3 words instead of 2 also enlarges diffs with the double precision case.

> Index: lib/msun/src/s_cexp.c
> ===================================================================
> --- lib/msun/src/s_cexp.c	(revision 344600)
> +++ lib/msun/src/s_cexp.c	(working copy)
> @@ -30,6 +30,7 @@
> __FBSDID("$FreeBSD$");
>
> #include <complex.h>
> +#include <float.h>
> #include <math.h>
>
> #include "math_private.h"
> @@ -41,12 +42,19 @@
> double complex
> cexp(double complex z)
> {
> -	double x, y, exp_x;
> +	double c, exp_x, s, x, y;
> 	uint32_t hx, hy, lx, ly;
>
> 	x = creal(z);
> 	y = cimag(z);
>
> +	EXTRACT_WORDS(hx, lx, x);
> +	/* cexp(0 + I y) = cos(y) + I sin(y) */
> +	if (((hx & 0x7fffffff) | lx) == 0) {
> +		sincos(y, &s, &c);
> +		return (CMPLX(c, s));
> +	}
> +
> 	EXTRACT_WORDS(hy, ly, y);
> 	hy &= 0x7fffffff;
>

Another reason I don't like sincos*() is that if the compiler can very
easily do the above rewrite automatically.  The only large difficulty
is to know if the sin(), cos() and sincos() are any good, or at least
their relative badness.  x86 compilers already know that the i387 sin()
and cos() are no good, (or perhaps they just don't know that the FreeBSD
implementation doesn't make the i387 functions non-conforming to C99
and/or POSIX (since they don't set errno and might do other side effects
wrong)), so x86 compilers don't convert the above to i387 sin(), cos() or
sincos().  It is even harder for compilers to know the quality of the
library.

> @@ -53,10 +61,6 @@
> 	/* cexp(x + I 0) = exp(x) + I 0 */
> 	if ((hy | ly) == 0)
> 		return (CMPLX(exp(x), y));

The comments aren't as careful as for hyperbolic functions.  The 0 here
is actually -0 if y is -0.  The code handles both +-0 by clearing the
sign bit in hy for the check byt keeping it in y.

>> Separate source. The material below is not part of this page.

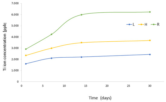 The results of ion release show higher values at all tested times, indicating that rough dental implants have a larger specific surface area than hybrid dental implants and even larger than smooth dental implants. For this reason, the values of titanium ions released into the medium are higher. However, it should be noted that the values are very small, parts per billion, and therefore there does not seem to be any toxicity problem. It is important to distinguish chemical degradation by corrosion, which is a chemical reaction, from degradation by ion release, which is a solution of metal ions to the medium [55,56].
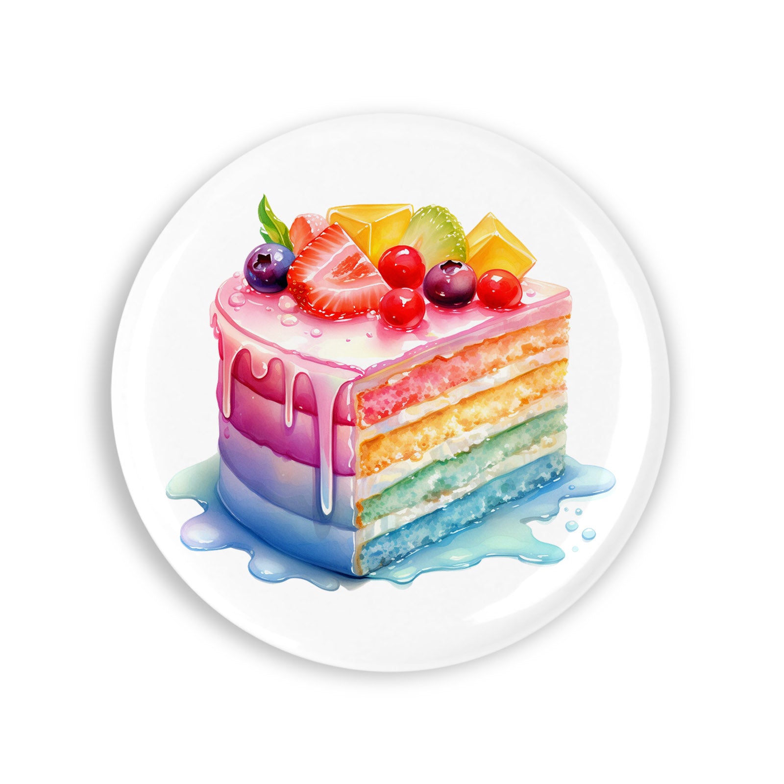 Set 4 insigne, Felie de tort curcubeu cu fructe, NO3621, Metal, 44 mm, Multicolor

> Index: lib/msun/ld128/k_cexpl.c
> ...
> +/*
> + * __ldexp_exp(x, expt) and __ldexp_cexp(x, expt) compute exp(x) * 2**expt.
> + * They are intended for large arguments (real part >= ln(DBL_MAX))
> + * where care is needed to avoid overflow.
> + *
> + * The present implementation is narrowly tailored for our hyperbolic and
> + * exponential functions.  We assume expt is small (0 or -1), and the caller
> + * has filtered out very large x, for which overflow would be inevitable.
> + */
> +
> +long double
> +__ldexp_expl(long double x, int expt)
> +{
> +#if 0
> +	double exp_x, scale;
> +	int ex_expt;
> +
> +	exp_x = __frexp_exp(x, &ex_expt);
> +	expt += ex_expt;
> +	INSERT_WORDS(scale, (0x3ff + expt) << 20, 0);
> +	return (exp_x * scale);
> +#endif
> +	return (x - x) / (x - x);
> +}

This is less likely to work than the comment says :-).

> +
> +long double complex
> +__ldexp_cexpl(long double complex z, int expt)
> +{
> +#if 0
> +	double x, y, exp_x, scale1, scale2;
> +	int ex_expt, half_expt;

Same.  The code that has a chance of working won't even be tested at
compile time since it is ifdefed out.

> Index: lib/msun/ld128/s_cexpl.c
> ===================================================================
> --- lib/msun/ld128/s_cexpl.c	(nonexistent)
> +++ lib/msun/ld128/s_cexpl.c	(working copy)
> @@ -0,0 +1,76 @@
> ...
> +	exp_x = expl(x);
> +	sincosl(y, &s, &c);
> +	return (CMPLXL(exp_x * c, exp_x * s));

This doesn't use the kernel, although one is written (but always returns
NaN).  For testing, the low quality kernel should at least use the
above formula.

> Index: lib/msun/ld80/s_cexpl.c
> ===================================================================
> --- lib/msun/ld80/s_cexpl.c	(nonexistent)
> +++ lib/msun/ld80/s_cexpl.c	(working copy)
> @@ -0,0 +1,105 @@
> ...
> +long double complex
> +cexpl (long double complex z)
> +{
> +	long double c, exp_x, s, x, y;
> +	uint32_t hwx, hwy, lwx, lwy;
> +	uint16_t hx, hy;
> +
> +	ENTERI(z);
> +
> +	x = creall(z);
> +	y = cimagl(z);
> +
> +	EXTRACT_LDBL80_WORDS2(hx, hwx, lwx, x);
> +	EXTRACT_LDBL80_WORDS2(hy, hwy, lwy, y);

This asks for slowness relative to the double precision method, by doing
2 slow extraction steps up front.

This seems to be broken by not using the normal method of hx &= 0x7fff
up front.

> +
> +	/* cexp(0 + I y) = cos(y) + I sin(y) */
> +	if ((hwx | lwx | (hx & 0x7fff)) == 0) {

The 2 words for the mantissa are just harder to use.  Write hwx | lwx
normally as lx after extracting into 1 64-bit word.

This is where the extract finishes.